‘Dollar republic’ raises outside call stakes

North Korea’s security agency has been
tightening its web of surveillance on people that place outbound calls to
relatives in the South, but those exposed are often faced with demands for
bribes in place of criminal punishment. In some cases, the said payoffs reach
dizzying heights of up to 2,000 USD, Daily NK has learned.

“The state has been stepping up its
surveillance and wiretapping on mobile phone users to prevent information from
getting out of the country,” a source in Yangkang Province told Daily NK on
Tuesday. “But the State Security Department [SSD], which oversees the entire
operation, has been using this as an opportunity to take bribes from those
apprehended.”

He added, “A few days ago, a resident from
Kim Jong Suk County was caught by the provincial wire detection management
office (under the SSD) after having been monitored for talking with family
members that defected to South Korea. The individual was caught in the act and
taken away.” The fact that the SSD was overwhelmingly aware that this
individual did little more than exchange routine greetings with her family notwithstanding, she was held in custody for several days and then shipped off to the provincial
SSD office after she failed to meet their bribe demands.

“The wire detection office, which serves as
the primary surveillance department, waits for bribes after they expose someone
instead of handing them directly over to the SSD,” the source explained. “Those
who can offer payments on the spot are let go, but if not, they’re sent off in
a bid for officials to improve their track record.”

A consistent feature of Kim Jong Un’s time
in power has been a tighter grip on monitoring mobile phone calls, particularly
outbound ones, which are considered acts of leaking sensitive internal
information.

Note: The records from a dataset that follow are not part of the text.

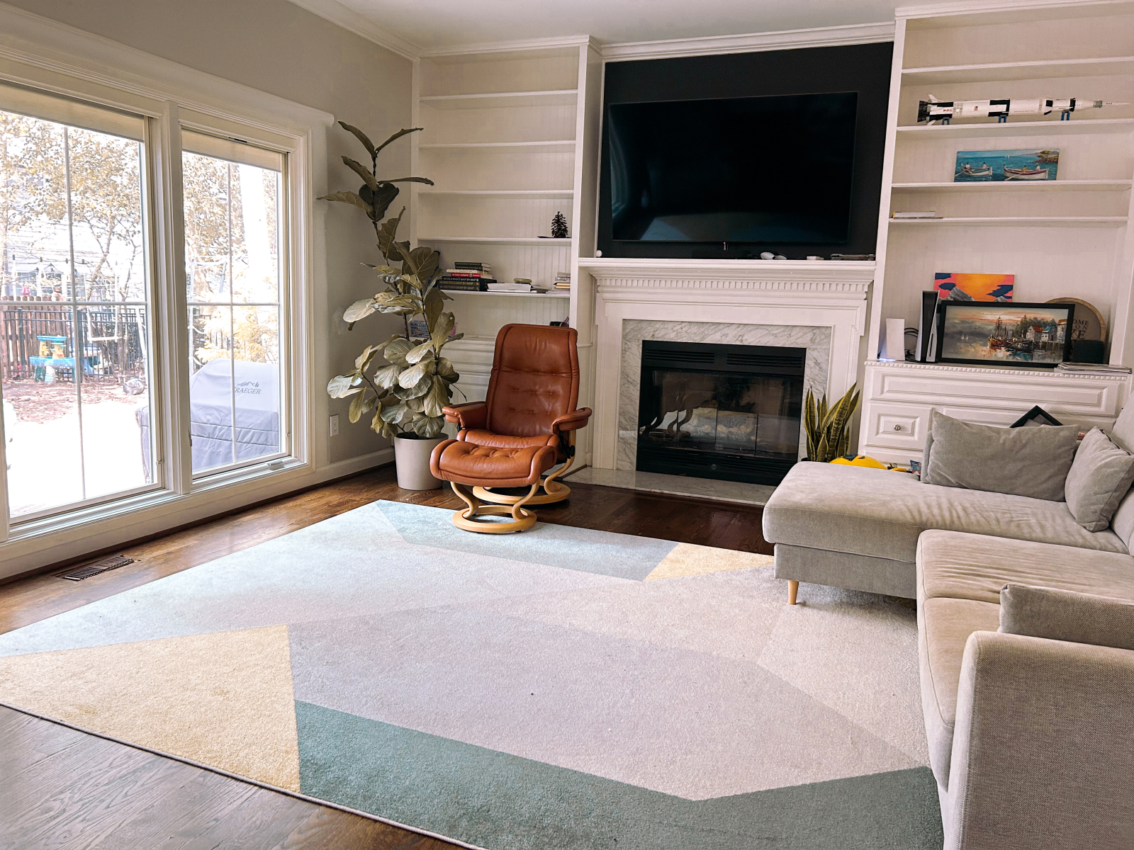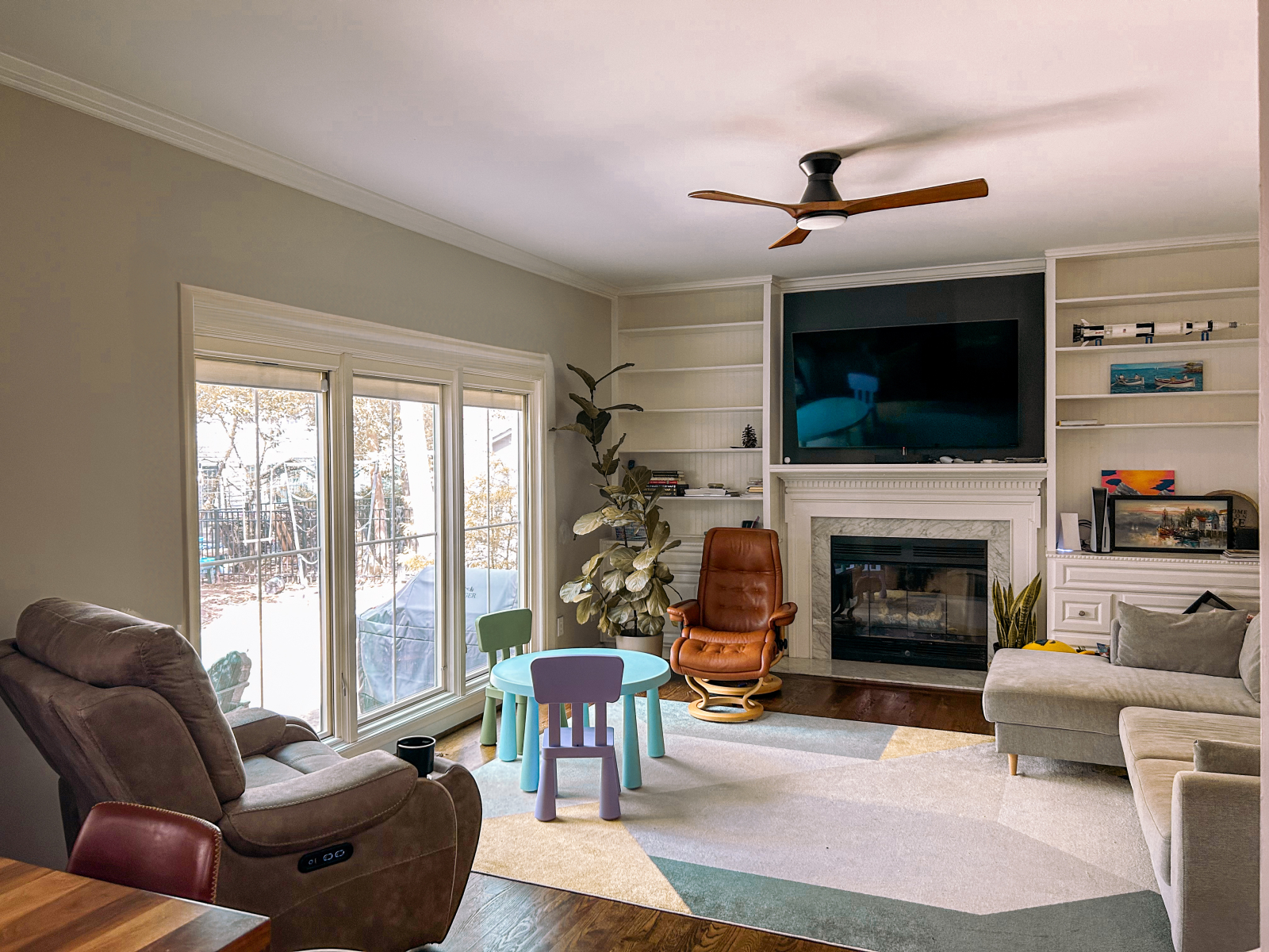 Habitación familiar: Este es nuestro lugar favorito de la casa. La sala de estar es muy acogedora, con grandes ventanales que se abren al patio trasero donde podemos ver a nuestros hijos jugar. Tiene un sofá frente a las ventanas, 2 sillas reclinables, TV y chimenea.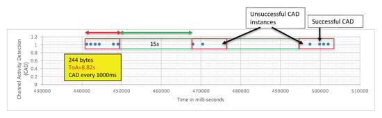 The transmitter node sends long packets of 244 byte (240 bytes payload + a 4-byte application-level header) every 15 s. The ToA of the packet is 8.69 s. The test setting is illustrated in Figure 3, and the experiment is referred to as “CAD experiment 1”, indicated by the blue square marked “1”.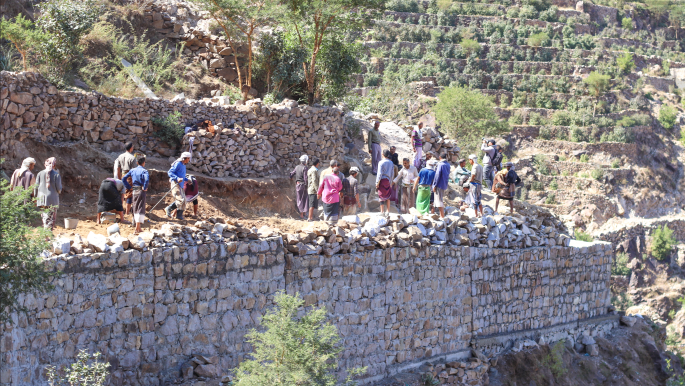 ووسط الحرب في البلاد، سُجّلت واحدة من أولى المبادرات المجتمعية في منطقة وصاب وسط اليمن، قبل أن تتوسّع المبادرات وتتمدّد إلى مختلف محافظات اليمن، خصوصاً محافظة ريمة التي قامت فيها مشاريع شقّ طرقات في جبال شديدة الوعورة، وهو أمر سُجّل في مختلف أنحاء البلاد.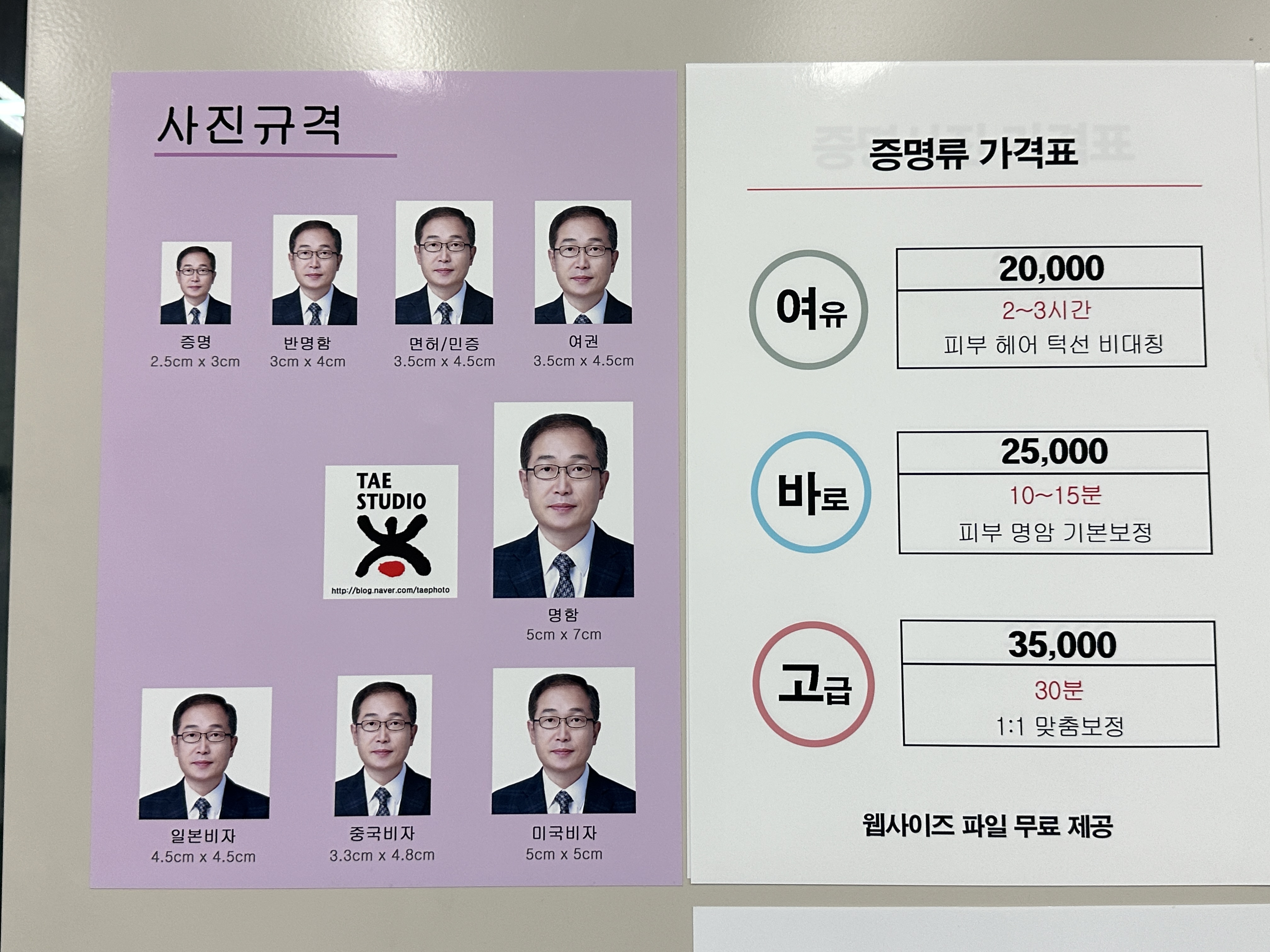 가산동 태스튜디오 증명사진 가격 및 여권사진 가격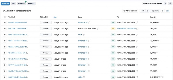 更耐人寻味的是,这并不是一起孤立事件。过去几天,已有3个地址从币安提取了大量TRB,总计566,920 TRB,相当于1530万美元。这三个地址目前占据 TRB 总供应量 23% 的份额,引发了人们对 TRB 所有权潜在集中化的担忧。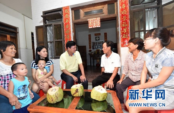 6月26日,樂東黎族自治縣縣委書記林北川(右四)夜訪九所鎮十所村,聽取聯系點群眾的情況。 新華社記者 趙穎全 攝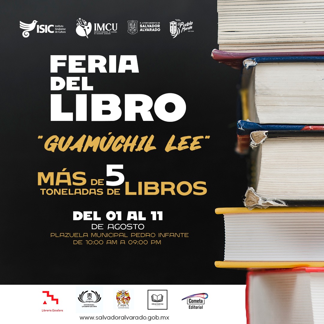 Culiacán, Sinaloa – Dentro del 115 aniversario de la ciudad de Guamúchil, se estará realizando la Feria del Libro “Guamúchil lee”, misma a realizarse del 01 al 11 de agosto del presente año de 10:00-21:00 horas.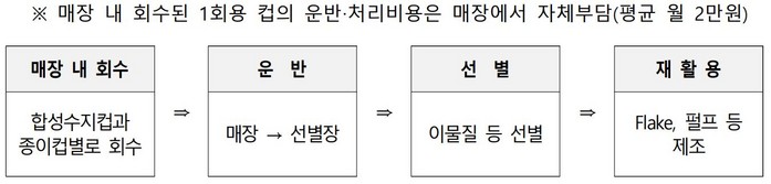처리지원금은 1회용 컵의 수집‧운반과 보관에 필요한 인건비 및 유류비, 임차료 등을 고려했다.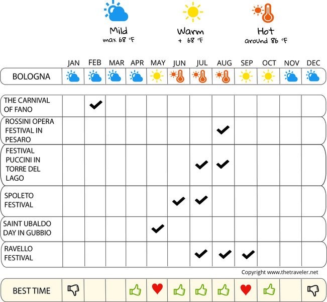 In July, in Bologna, Minimum temperatures vary between 19 in the morning and 31 in the afternoon. Températures are really hot. The average rainfall is around 35 inches, for 27 days without rain.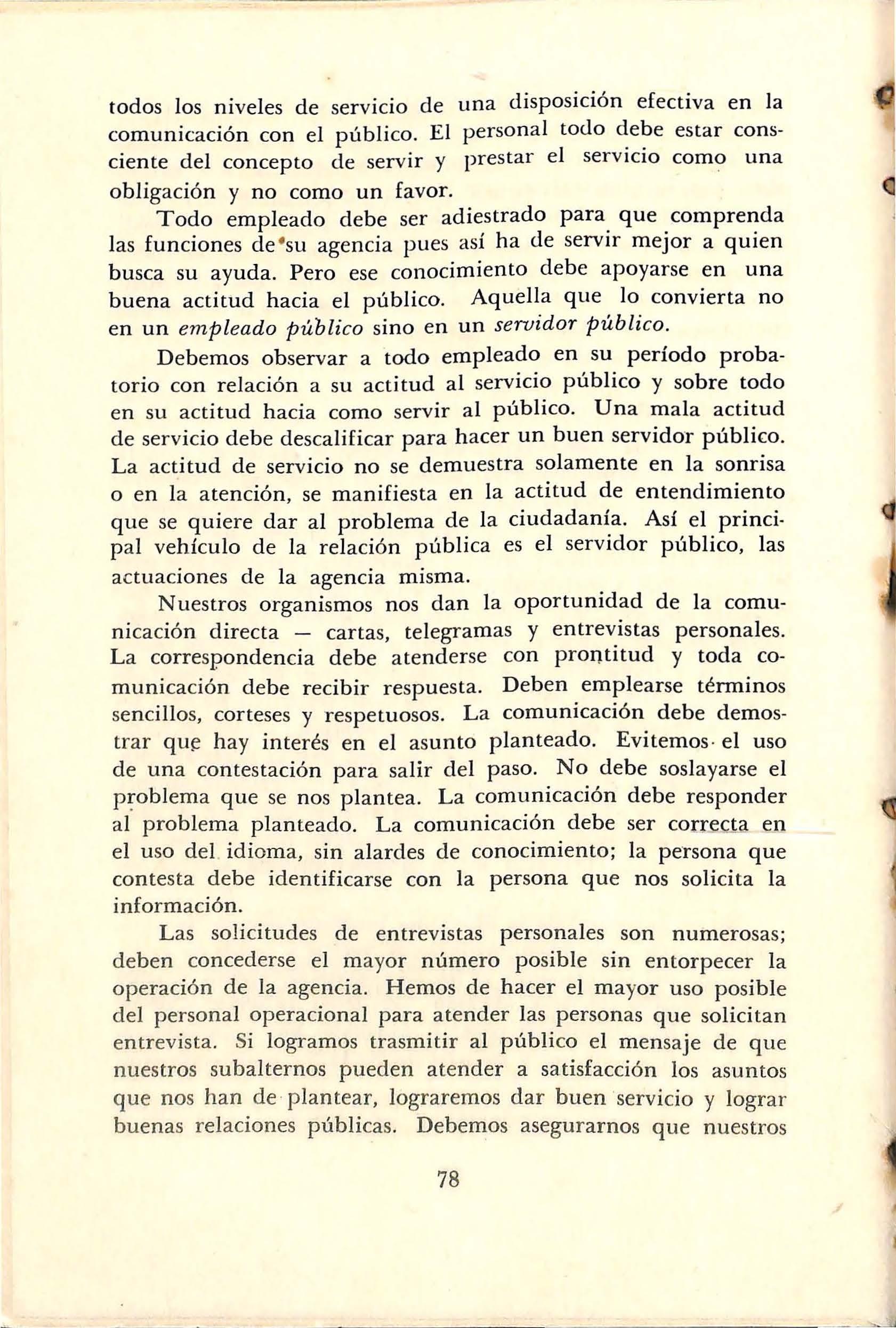 La comunicaci ó n con el público es producto mayormente del di a rio servicio que se presta al ciudadano. Más vale un ser vicio bien d a do con corte sía y entendimi.ento del problema del ciud a dano que muchos artículos y muchos <lis.cur sos . Así como el servicio público no se fundamenta en el criterio de correligionario s políti cos, ni se h a ce una obra en beneficio de determinado p a rtido político, a sí tampoco las r e lacione s p ú o lica s se fundamentan en servir a correligion a rio s o divulgarles ex cl us i va mente a és to s las obra s de gobierno. Se fundament a en e l serv i c io a to d o c iu da d a no. E l ser vicio por igu a l a todo s es una d e n ues t ras me j ores re l ac ione s públi cas y un a se p ar a ción del servic io y l a propaganda.

Anyone caught for such crimes is transported to city and
provincial SSD anti-espionage departments. There, depending on their content of
their conversation on record, they are grouped into one of two criminal categories: economic or
political.

Those apprehended for placing calls to
China are branded economic criminals and sent to the local Ministry of People’s
Security [MPS] unit for processing and punishment; calling South Korea, however,
holds far graver implications. Individuals associated with this act are labeled
political criminals who have sold off information to the enemy, and are hauled
off to political prison camps or long-term re-education camps, particularly the
complex located in the Susong area of Chongjin City, North Hamkyung Province.

“One resident, interrogated for two months
by the anti-espionage department within the provincial SSD, explained that all
he did was ask his son (in South Korea) to send some money because things
were rough,” he said, adding that agents pounced on the chance to
profit on the South Korea stigma, demanding that he cough up 2,000 USD in bribes, despite knowing full well his phone call had nothing to do with conveying state secrets.

“One person who was handed down a
seven-year sentence at Susong Re-education Camp paid cadres at the
anti-espionage department, and only then was she sent to the MPS office as an economic criminal,” the source reported. “The MPS declared it a light economic crime, warranting three months in a labor-training camp.”

Long-term re-education camps are nothing
more than housing for those who cannot afford to meet the state’s
rampant level of corruption. “Money is above the law in the North, so it’s no
wonder people refer to the country as the ‘dollar republic,’” he concluded.